Book Reviews

Portrait of Mao as a greedy, cowardly, deceitful, manipulative egoist

Posted By April 8, 2007 No Comments

In the study of the monsters of the 20th Century, Mao Zedong largely escaped the detailed scholarship that examined Hitler and Stalin. This is a pity because in many ways he was much worse than either. Hitler, at least, was known to have been physically courageous as a young soldier in the First World War. Mao never risked his hide in any way. Stalin cared (somewhat) for his wives and children; Mao seem untroubled by what befell several of his wives and children.

At least Hitler and Stalin were well groomed – Mao never brushed his teeth and wasn’t known to have taken a bath or shower in his 27 years as the master of China. Hitler’s sex-life is a matter of considerable curiosity, but there doesn’t seem to have been much of it; Stalin’s sexual drives were normal enough and never mastered him. Mao was insatiable in his appetite for young women (what they thought of his hygiene is not recorded).

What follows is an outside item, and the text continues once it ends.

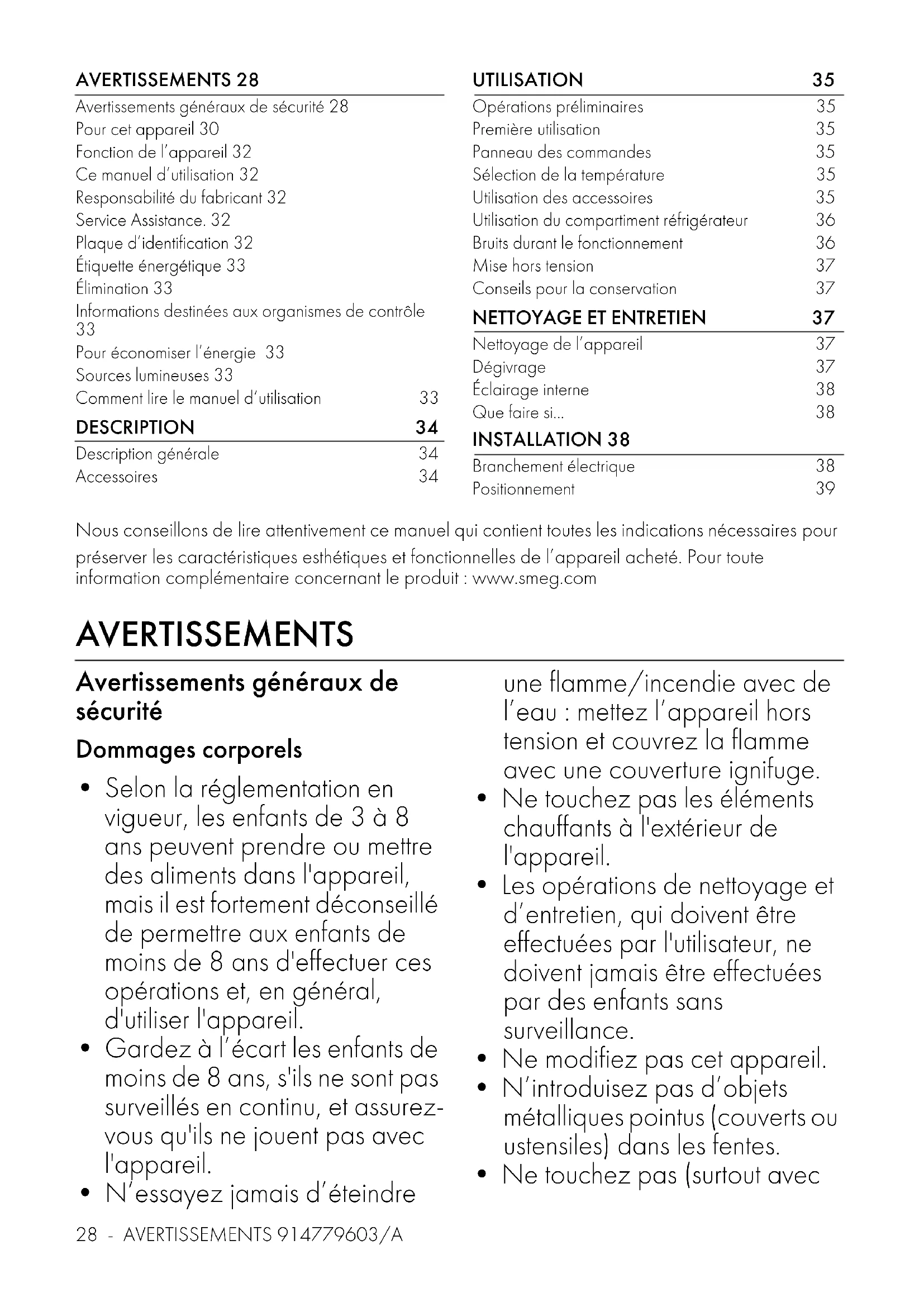 Nettoyage de l’appareil 37 Dégivrage 37 Éclairage interne 38 Que faire si... 38 INSTALLATION 38 Branchement électrique 38 Positionnement 39 Nous conseillons de lire attentivement ce manuel qui contient toutes les indications nécessaires pour préserver les caractéristiques esthétiques et fonctionnelles de l’appareil acheté. Pour toute information complémentaire concernant le produit : www.smeg.com AVERTISSEMENTS Avertissements généraux de sécurité Dommages corporels

In a dictator, the man begets the monster; and Hitler and Stalin’s murderous legacies are well known but still seemed to have some slight limits. Mao knew none whatsoever. Jung Chang and Jon Halliday’s superb biography Mao: The Unknown Story (Random House, New York 2005) details a man who seems more callous, more cruel, more manipulative, and far greedier than either of his two contemporaries. The book also lifts the lid off many aspects of his career: How Mao went through the Long March carried on a litter; how double agents engineered the collapse of the Nationalist Armies in 1947-48; or how his petty machinations against party rivals destroyed tens of thousands of his own troops needlessly.

This book should be essential reading for any student of 20th Century history.